By Mike Collett-White
12 March 2010 @ 10:30 am BST

Sandby sold those prints for three shillings through a London dealer, offering the middle- or upper-class buyer something out of the ordinary to purchase.

In another series of 12 works, his 1776 "XII Views in North Wales," Sandby uses a technique of etching on to a copper plate with resin and acid to make his prints.

"The Iron Forge," one of the series, shows a stream and mill generating power and churning smoke into the air, and the dramatic effect suggested that for Sandby, industry and agriculture were fitting subjects for an artist.

"This would have been a remarkably modern image for its time, both in terms of technique and subject matter," the Academy said, adding that its movement and atmosphere recalled the artists of successors like J.M.W. Turner.

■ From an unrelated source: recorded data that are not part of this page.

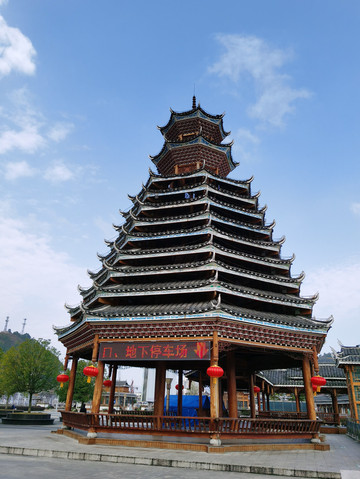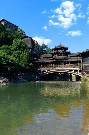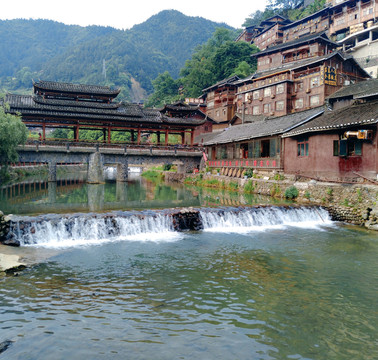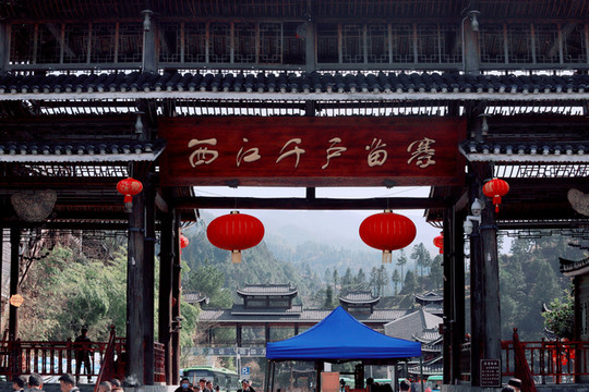 从北大门进入后坐观光车到六号门后正式进入西江苗寨。苗寨的建筑除了吊脚楼,风雨桥也是很有特色的建筑。风雨桥也称花桥,流行于 湖南 、 贵州 、 广西 等地,多建于交通要道的河流上,通常由桥、塔、亭组成,用木料筑成,因行人过往能遮风避雨故而得名。
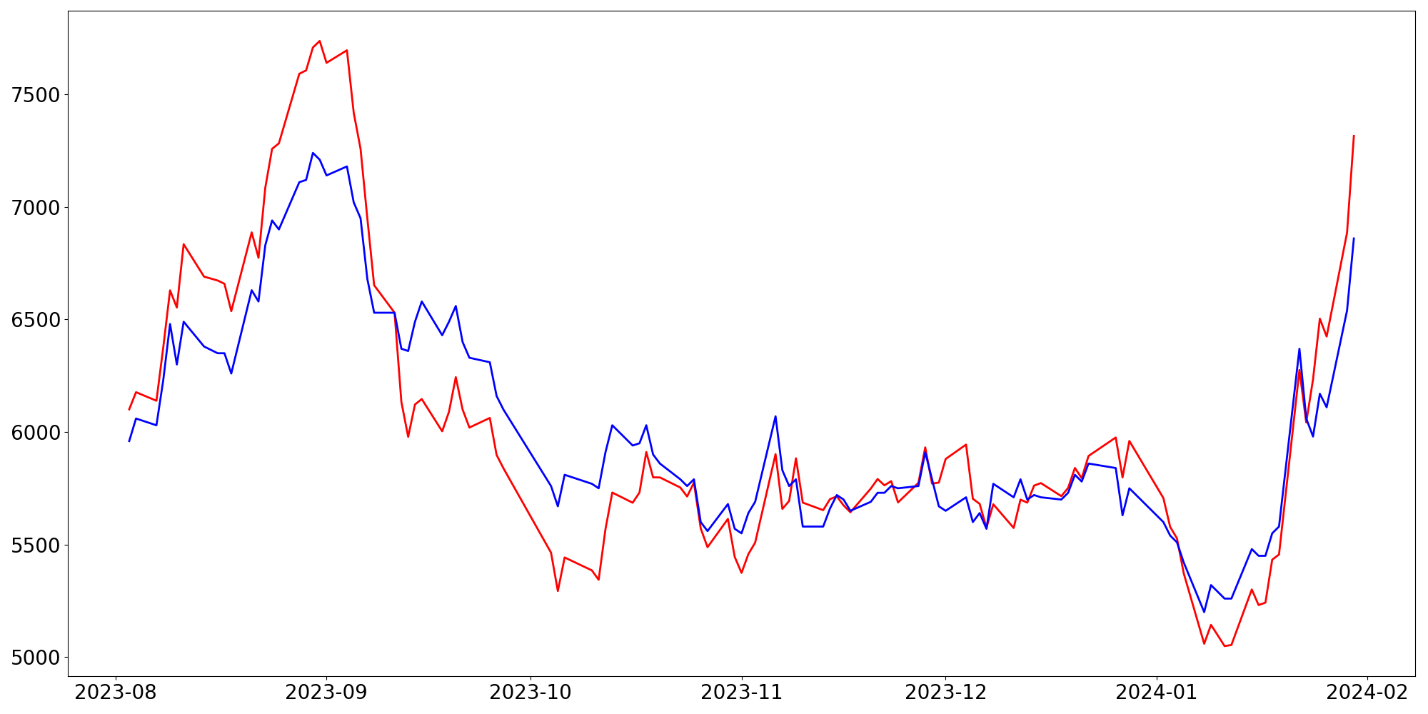 [ - : 실제값(종가) / - : 예측값(종가) ]
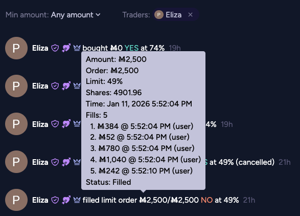 @ian If you are doing candy today then a really really really really good one is to add tooltip on hover or click to the Trades tab on all markets -- we should be able to see the basic stats of the trade from the UI without needing to go find the bets API:
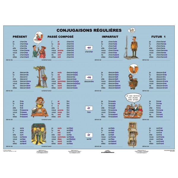Náučná tabuľa prináša prehľad časovania slovies v prítomnom čase, minulom zloženom aj jednoduchom čase a imperfekte vo francúzskom jazyku.
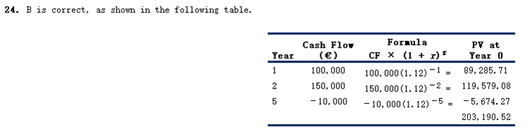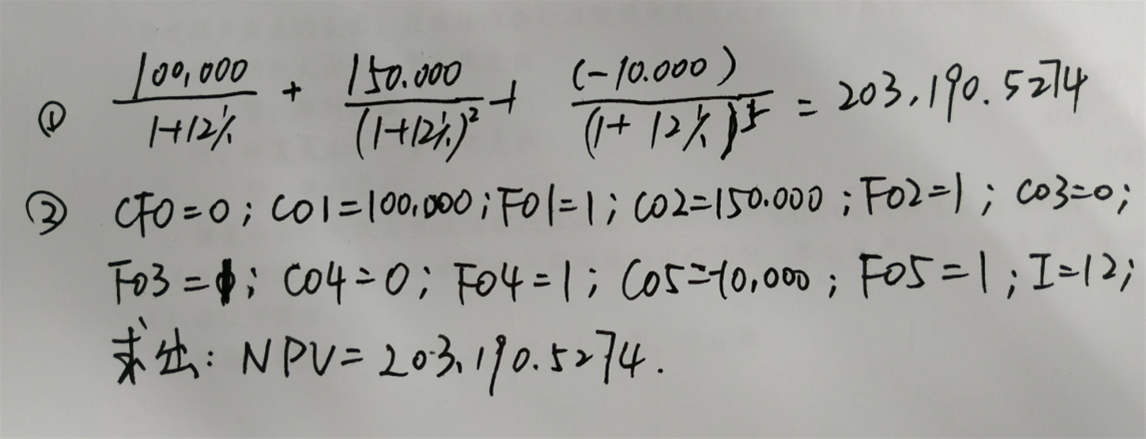 你好,原版书后题第16页第24题,我看了答案,是未来现金流折现求和,即三项想加。为什么不能用金融计算器,算出是C,第三,第四年因为没有现金流,我们就把0现金流输入(C03,C04),也是5年现金流,用CF键,为什么结果不一样,
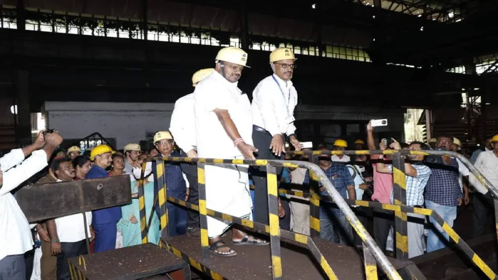 ಭಾನುವಾರ ಕುಮಾರಸ್ವಾಮಿ ಅವರು ಭದ್ರಾವತಿಯ ವಿಐಎಸ್ಎಲ್ಗೆ ಭೇಟಿ ನೀಡಿ ಕಾರ್ಖಾನೆಯ ಪರಿಸ್ಥಿತಿ ಅವಲೋಕಿಸಿದರು.ಈ ವೇಳೆ ಮಾತನಾಡಿದ ಅವರು, ಲೋಕಸಭಾ ಚುನಾವಣಾ ಸಂದರ್ಭದಲ್ಲಿ ಎರಡು ಬಾರೀ ರಾಘವೇಂದ್ರ ಜೊತೆ ಪ್ರಚಾರಕ್ಕೆ ಬಂದಿದ್ದೆ. ವಿಐಎಸ್ಎಲ್ ಕಾರ್ಖಾನೆ ಉಳಿಸುವುದು ಹಲವಾರು ವರ್ಷಗಳ ಬೇಡಿಕೆ ಇದೆ ಎಂದು ಅವರು ಹೇಳಿದ್ದರು. ಈ ಕಾರ್ಖಾನೆಯನ್ನು ಸರ್.ಎಂ. ವಿಶ್ವೇಶ್ವರಯ್ಯ ಅವರು ಸ್ಥಾಪಿಸಿದ್ದರು. ರಾಜ್ಯದ ಅಭಿವೃದ್ಧಿಗೆ ಪೂರಕವಾಗಿ ಕೆಲಸ ಮಾಡಿದ್ದ ವಿಶ್ವೇಶ್ವರಯ್ಯರವರು, ಹಲವಾರು ರೀತಿಯ ಏಳು-ಬಿಳಿನ ನಡುವೆ ಕಾರ್ಖಾನೆ ಉಸಿರು ಹಿಡಿದುಕೊಂಡಿದೆ. ಸಂಸದ ರಾಘವೇಂದ್ರ ಅವರು ಕಾರ್ಖಾನೆ ಉಳಿಸಲು ಸಾಕಷ್ಟು ಶ್ರಮಿಸಿದ್ದಾರೆ ಎಂದು ತಿಳಿಸಿದ್ದಾರೆ.
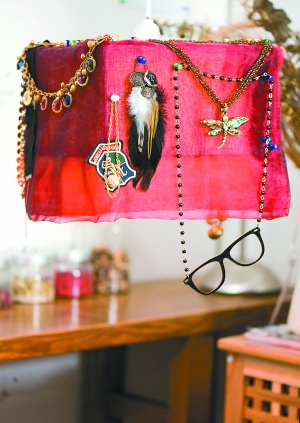 6、完成:虽然漂亮的纱灯已经完工,但DIY创意不会枯竭。实用之外还要更美观,具体做法是将剩下的彩色图钉随心所欲地插在泡沫板上,然后挂上美美的首饰,耳钉、项链等等,越闪亮越好。
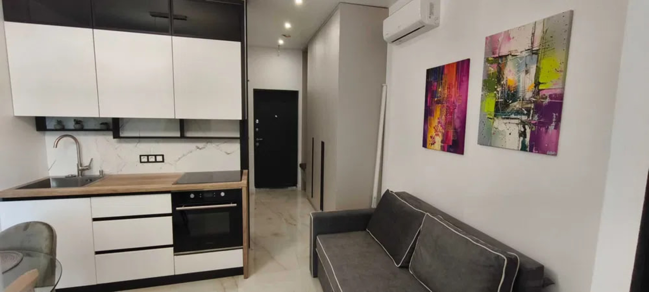 Fully equipped with furniture and appliances - everything remains for new owners. A modern kitchen, household appliances, air conditioning, stylish lighting and spacious storage systems are installed.
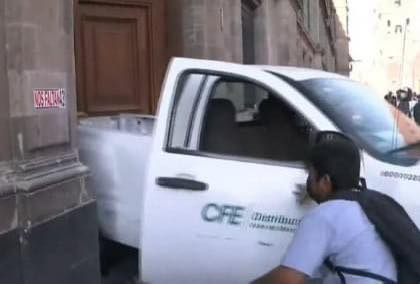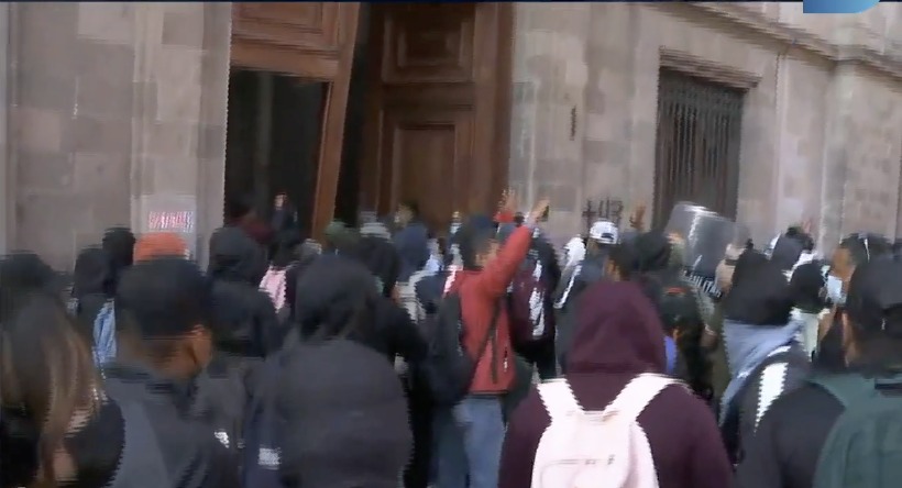 Sin embargo, los manifestantes tomaron una camioneta de la Comisión Federal de Electricidad (CFE) y con ella lograron derribar la puerta de madera del inmueble. Una vez que tiraron la puerta, los manifestantes buscaron ingresar al inmueble, pero personal de seguridad les lanzó gas a los jóvenes para evitar su avance.
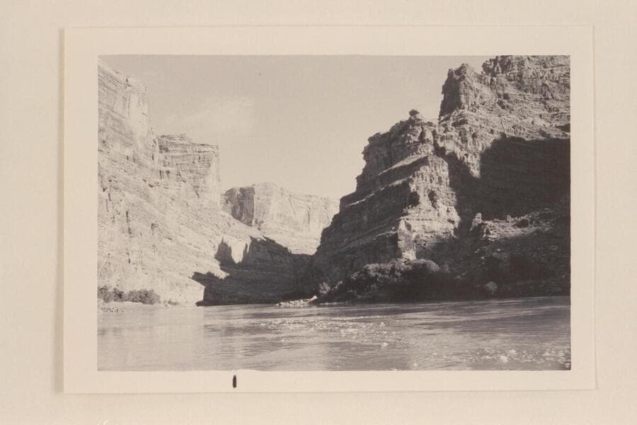 In Cataract Canyon Mile 184. Her caption on the back of the print reads, "Rock Slide Mile 184."

Sandby continued to produce pictures of ruins, estates, parklands and streets into old age, but by 1808, the year before his death, he asked the Academy for a pension "owing to advanced age and infirmities and failure of employment."

Although superceded by a new generation of artists whose works examined the effects of light and movement rather than stressing accuracy in detail, the exhibition underlines how Sandby helped cultivate a market for British landscapes, and, more specifically, for watercolours.

"Paul Sandby: Picturing Britain" runs from March 13-June 13 in the Sackler Wing.